*** Opening of RECORDS TO USE ***
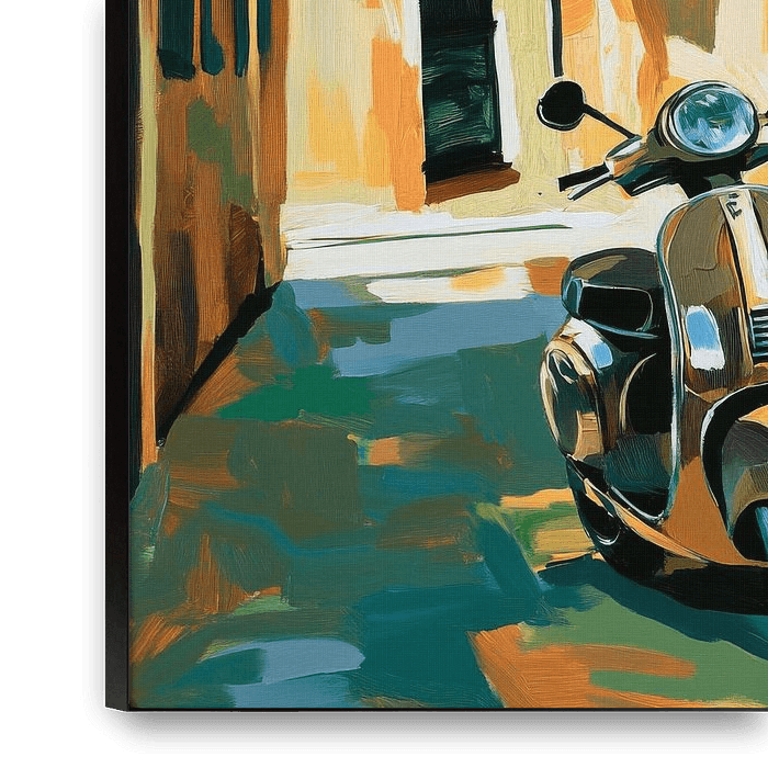Acheter ce tableau Ruelle Vespa par Poster Art Shop sur toile, aluminium, ArtFrame ou photographie (encadrée), impression d'art en haute qualité et tout format.
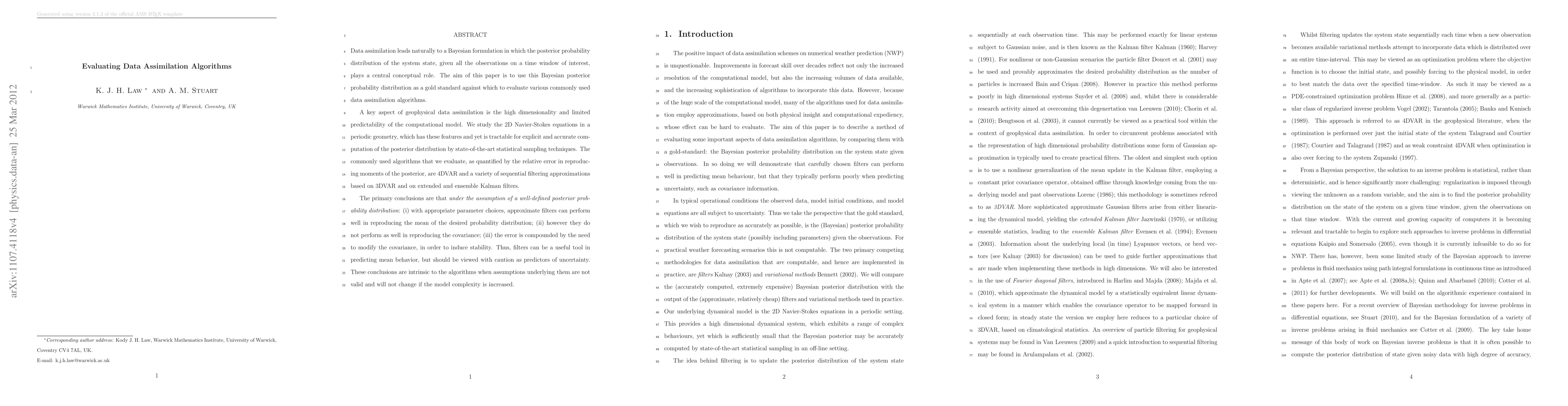 Data assimilation leads naturally to a Bayesian formulation in which the posterior probability distribution of the system state, given the observations, plays a central conceptual role. The aim of this paper is to use this Bayesian posterior probability distribution as a gold standard against which to evaluate various commonly used data assimilation algorithms. A key aspect of geophysical data assimilation is the high dimensionality and low predictability of the computational model. With this in mind, yet with the goal of allowing an explicit and accurate computation of the posterior distribution, we study the 2D Navier-Stokes equations in a periodic geometry. We compute the posterior probability distribution by state-of-the-art statistical sampling techniques. The commonly used algorithms that we evaluate against this accurate gold standard, as quantified by comparing the relative error in reproducing its moments, are 4DVAR and a variety of sequential filtering approximations based on 3DVAR and on extended and ensemble Kalman filters. The primary conclusions are that: (i) with appropriate parameter choices, approximate filters can perform well in reproducing the mean of the desired probability distribution; (ii) however they typically perform poorly when attempting to reproduce the covariance; (iii) this poor performance is compounded by the need to modify the covariance, in order to induce stability. Thus, whilst filters can be a useful tool in predicting mean behavior, they should be viewed with caution as predictors of uncertainty. These conclusions are intrinsic to the algorithms and will not change if the model complexity is increased, for example by employing a smaller viscosity, or by using a detailed NWP model.
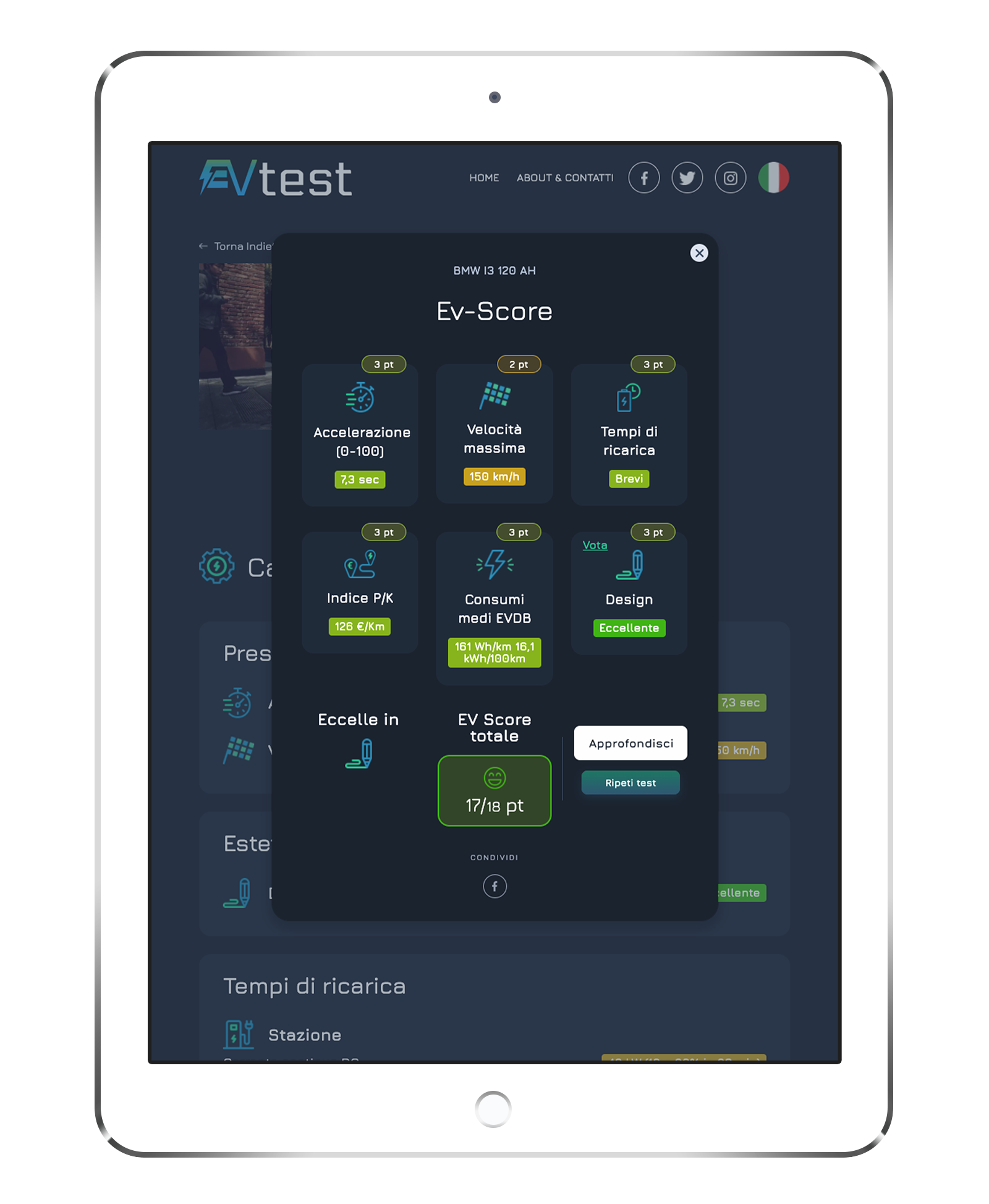 Il portale evtest.eu si pone l'obiettivo di far conoscere al grande pubblico il potenziale tecnologico e di prestazioni che garantiscono oggi i veicoli elettrici (EV). I dati raccolti sono rigorosamente ufficiali e reperibili su EV-database.org. Dalla somma dei parametri selezionati ogni veicolo raggiunge un preciso EVscore di riferimento.
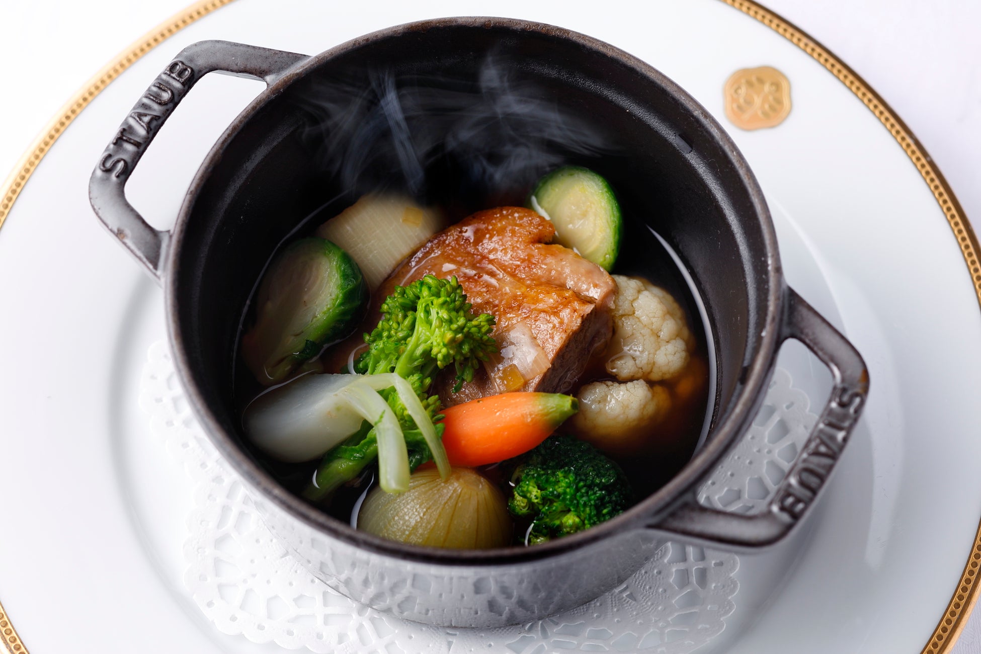 鴨のもも肉をコンフィにし香ばしく焼き上げポトフに仕立てました。スープには資生堂パーラー伝統のコンソメスープに鴨の煮汁やフォアグラのオイルで香りをつけました。
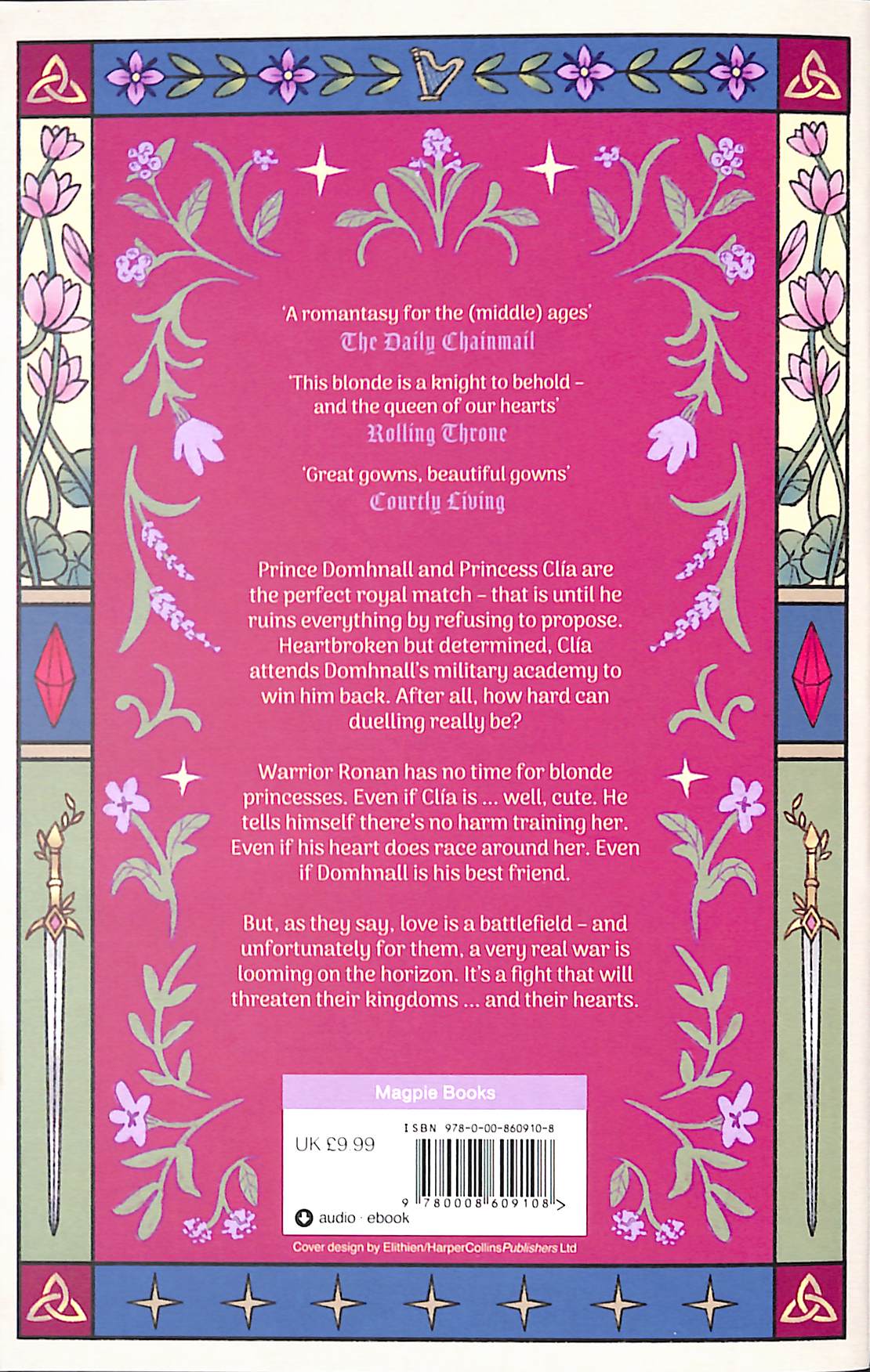 A princess desperate to win back the prince who broke her heart follows him to his kingdom's prestigious military academy – and in doing so, falls in love, saves the realm, and continues to look fabulous, in this romantic debut fantasy. ‘A romantasy for the (middle) ages’ THE DAILY CHAINMAIL ‘This blonde is a knight to behold – and the queen of our hearts’ ROLLING THRONE ‘Great gowns, beautiful gowns’ COURTLY LIVING Prince Domhnall and Princess Clía are the perfect royal match – that is until he ruins everything by refusing to propose.
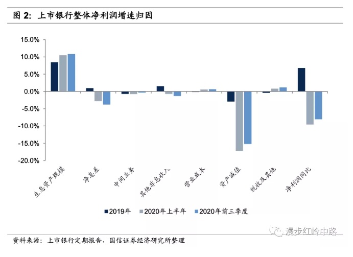 2020年前三季度上市银行整体归母净利润同比下降8.1%,较上半年的增速有所回升。从净利润增长的归因分析看,关键驱动因素与中报比变动不大:
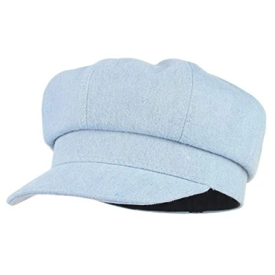 GEMVIE Women Cotton Denim Newsboy Hat 8 Panel Baker Boy Cap Cabbie Beret Sun Visor Light Blue
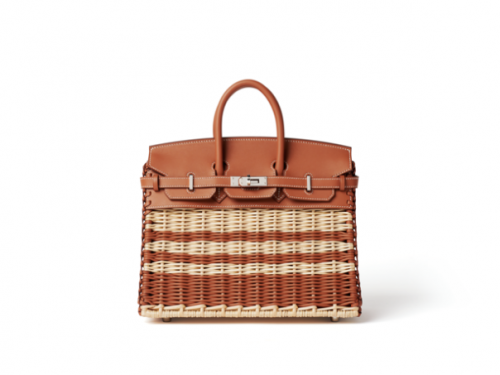 经典Birkin的本季新款,由Swift小牛皮带辐条编织而成,搭配柳条,是皮质与木质的巧妙结合,呈现更加和谐有韵律的轮廓和外观,为铂金包营造出和谐的视觉美学。
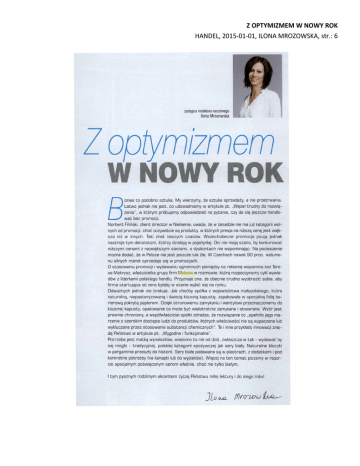 Z OPTYMIZMEM W NOWY ROK HANDEL, 2015-01-01, ILONA MROZOWSKA, str.: 6 zastępca redaktora naczelnego Ilona Mrozowska Z optymizmem W NOWYROK iznes to podobno sztuka. My wierzymy, że sztuka sprzedaży, a nie przetrwania. jednak nie jest , co udowadniamy w artykule pt ...Węzeł trudny do rozwią zania ", w którym próbujemy odpowiedzieć na pytanie , czy da się jeszcze handlować bez promocji. Norbert Filiński , client director w Nielsenie , uważa, że w zasadzie nie ma już kategorii wolnych od promocji, choć oczywiście są produkty, w których presja na niższą cenę jest więk sza niż w innych. Taki znak naszych czasów. Wszechobecne promocje psują jednak nastroje tym detalistom , którzy działają w pojedynkę . Dni nie mają szans , by konkurować niższymi cenami z największymi sieciami , o dyskontach nie wspominając. Na pocieszenie można dodać, że w Polsce nie jest jeszcze tak źle . W Czechach nawet 90 proc. wolumenu silnych marek sprzedaje się w promocjach. O stosowaniu promocji i wydawaniu ogromnych pieniędzy na reklamę wspomina też Terasa Mokrysz, właścicielka grupy firm Mokate w rozmowie , którą rozpoczynamy cykl wywiadów z liderkami polskiego handlu. Przyznaje ona , że obecnie trudno wyobrazić sobie, aby firma startująca od zera byłaby w stanie wybić się na rynku . Odważnych jednak nie brakuje. Jak choćby spółka z województwa małopolskiego, która naturalną, niepasteryzowaną i świeżą kiszoną kapustę , zapakowała w specjalną folię barierową pokrytą papierem. Dzięki strunowemu zamykaniu i wentylowi przeznaczonemu do kiszonej kapusty, opakowanie to może być wielokrotnie zamykane i otwierane. Wzór jest prawnie chroniony, a współwłaściciel spółki zdradza , że rozwiązanie to .. spełniło jego marzenie o szerokim dostęp i e ludzi do produktów, których właściwości nie są wypaczane lub wykluczane przez stosowanie substancji chemicznych ". Te i inne przykłady innowacji znajdą Państwo w artykule pt ...Wygodne i funkcjonalne ". Potrzeba jest matką wynalazków, wiadomo to nie od dziś , zwłaszcza w tak - wydawać by się mogło - tradycyjnej, polskiej kategorii spożywczej jak sery biały. Naturalne bloczki w pergaminie przeszły do historii. Sery białe podawane są w plastrach , z dodatkami i pod konkretne potrzeby [na kanapki lub do wypieków). Więcej na ten temat piszemy w raporcie specjalnym poświęconym serom właśnie, choć nie tylko białym . B Łatwo l tym pysznym rodzimym akcentem życzę Państwu miłej lektury i do siego roku! ]Lo~ (fJro"Ww fLvo.--
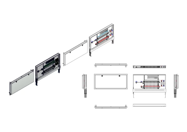 Die Anschlussstation für Flächenheizung ist im Unterputzschrank montiert und umfasst einen Edelstahlverteiler mit regulierbaren Durchflussanzeigern und Ventileinsätzen (M30x1,5), sowie eine horizontale Anschlussgarnitur mit Wärmezählerverrohrung. Zusätzlich sind Wasserzählereinbaustrecken für Trinkwasser kalt und warm vorhanden. Die vormontierten und verdrahteten Stellantriebe sind auf einer montierten Klemmleiste installiert.
*** Close of RECORDS TO USE ***
EXERCISE DIRECTIONS: Reproduce the records above exactly, excluding every picture.

WRITTEN RESPONSE:
Acheter ce tableau Ruelle Vespa par Poster Art Shop sur toile, aluminium, ArtFrame ou photographie (encadrée), impression d'art en haute qualité et tout format.
 Data assimilation leads naturally to a Bayesian formulation in which the posterior probability distribution of the system state, given the observations, plays a central conceptual role. The aim of this paper is to use this Bayesian posterior probability distribution as a gold standard against which to evaluate various commonly used data assimilation algorithms. A key aspect of geophysical data assimilation is the high dimensionality and low predictability of the computational model. With this in mind, yet with the goal of allowing an explicit and accurate computation of the posterior distribution, we study the 2D Navier-Stokes equations in a periodic geometry. We compute the posterior probability distribution by state-of-the-art statistical sampling techniques. The commonly used algorithms that we evaluate against this accurate gold standard, as quantified by comparing the relative error in reproducing its moments, are 4DVAR and a variety of sequential filtering approximations based on 3DVAR and on extended and ensemble Kalman filters. The primary conclusions are that: (i) with appropriate parameter choices, approximate filters can perform well in reproducing the mean of the desired probability distribution; (ii) however they typically perform poorly when attempting to reproduce the covariance; (iii) this poor performance is compounded by the need to modify the covariance, in order to induce stability. Thus, whilst filters can be a useful tool in predicting mean behavior, they should be viewed with caution as predictors of uncertainty. These conclusions are intrinsic to the algorithms and will not change if the model complexity is increased, for example by employing a smaller viscosity, or by using a detailed NWP model.
 Il portale evtest.eu si pone l'obiettivo di far conoscere al grande pubblico il potenziale tecnologico e di prestazioni che garantiscono oggi i veicoli elettrici (EV). I dati raccolti sono rigorosamente ufficiali e reperibili su EV-database.org. Dalla somma dei parametri selezionati ogni veicolo raggiunge un preciso EVscore di riferimento.
 鴨のもも肉をコンフィにし香ばしく焼き上げポトフに仕立てました。スープには資生堂パーラー伝統のコンソメスープに鴨の煮汁やフォアグラのオイルで香りをつけました。
 A princess desperate to win back the prince who broke her heart follows him to his kingdom's prestigious military academy – and in doing so, falls in love, saves the realm, and continues to look fabulous, in this romantic debut fantasy. ‘A romantasy for the (middle) ages’ THE DAILY CHAINMAIL ‘This blonde is a knight to behold – and the queen of our hearts’ ROLLING THRONE ‘Great gowns, beautiful gowns’ COURTLY LIVING Prince Domhnall and Princess Clía are the perfect royal match – that is until he ruins everything by refusing to propose.
 2020年前三季度上市银行整体归母净利润同比下降8.1%,较上半年的增速有所回升。从净利润增长的归因分析看,关键驱动因素与中报比变动不大:
 GEMVIE Women Cotton Denim Newsboy Hat 8 Panel Baker Boy Cap Cabbie Beret Sun Visor Light Blue
 经典Birkin的本季新款,由Swift小牛皮带辐条编织而成,搭配柳条,是皮质与木质的巧妙结合,呈现更加和谐有韵律的轮廓和外观,为铂金包营造出和谐的视觉美学。
 Z OPTYMIZMEM W NOWY ROK HANDEL, 2015-01-01, ILONA MROZOWSKA, str.: 6 zastępca redaktora naczelnego Ilona Mrozowska Z optymizmem W NOWYROK iznes to podobno sztuka. My wierzymy, że sztuka sprzedaży, a nie przetrwania. jednak nie jest , co udowadniamy w artykule pt ...Węzeł trudny do rozwią zania ", w którym próbujemy odpowiedzieć na pytanie , czy da się jeszcze handlować bez promocji. Norbert Filiński , client director w Nielsenie , uważa, że w zasadzie nie ma już kategorii wolnych od promocji, choć oczywiście są produkty, w których presja na niższą cenę jest więk sza niż w innych. Taki znak naszych czasów. Wszechobecne promocje psują jednak nastroje tym detalistom , którzy działają w pojedynkę . Dni nie mają szans , by konkurować niższymi cenami z największymi sieciami , o dyskontach nie wspominając. Na pocieszenie można dodać, że w Polsce nie jest jeszcze tak źle . W Czechach nawet 90 proc. wolumenu silnych marek sprzedaje się w promocjach. O stosowaniu promocji i wydawaniu ogromnych pieniędzy na reklamę wspomina też Terasa Mokrysz, właścicielka grupy firm Mokate w rozmowie , którą rozpoczynamy cykl wywiadów z liderkami polskiego handlu. Przyznaje ona , że obecnie trudno wyobrazić sobie, aby firma startująca od zera byłaby w stanie wybić się na rynku . Odważnych jednak nie brakuje. Jak choćby spółka z województwa małopolskiego, która naturalną, niepasteryzowaną i świeżą kiszoną kapustę , zapakowała w specjalną folię barierową pokrytą papierem. Dzięki strunowemu zamykaniu i wentylowi przeznaczonemu do kiszonej kapusty, opakowanie to może być wielokrotnie zamykane i otwierane. Wzór jest prawnie chroniony, a współwłaściciel spółki zdradza , że rozwiązanie to .. spełniło jego marzenie o szerokim dostęp i e ludzi do produktów, których właściwości nie są wypaczane lub wykluczane przez stosowanie substancji chemicznych ". Te i inne przykłady innowacji znajdą Państwo w artykule pt ...Wygodne i funkcjonalne ". Potrzeba jest matką wynalazków, wiadomo to nie od dziś , zwłaszcza w tak - wydawać by się mogło - tradycyjnej, polskiej kategorii spożywczej jak sery biały. Naturalne bloczki w pergaminie przeszły do historii. Sery białe podawane są w plastrach , z dodatkami i pod konkretne potrzeby [na kanapki lub do wypieków). Więcej na ten temat piszemy w raporcie specjalnym poświęconym serom właśnie, choć nie tylko białym . B Łatwo l tym pysznym rodzimym akcentem życzę Państwu miłej lektury i do siego roku! ]Lo~ (fJro"Ww fLvo.--
 Die Anschlussstation für Flächenheizung ist im Unterputzschrank montiert und umfasst einen Edelstahlverteiler mit regulierbaren Durchflussanzeigern und Ventileinsätzen (M30x1,5), sowie eine horizontale Anschlussgarnitur mit Wärmezählerverrohrung. Zusätzlich sind Wasserzählereinbaustrecken für Trinkwasser kalt und warm vorhanden. Die vormontierten und verdrahteten Stellantriebe sind auf einer montierten Klemmleiste installiert.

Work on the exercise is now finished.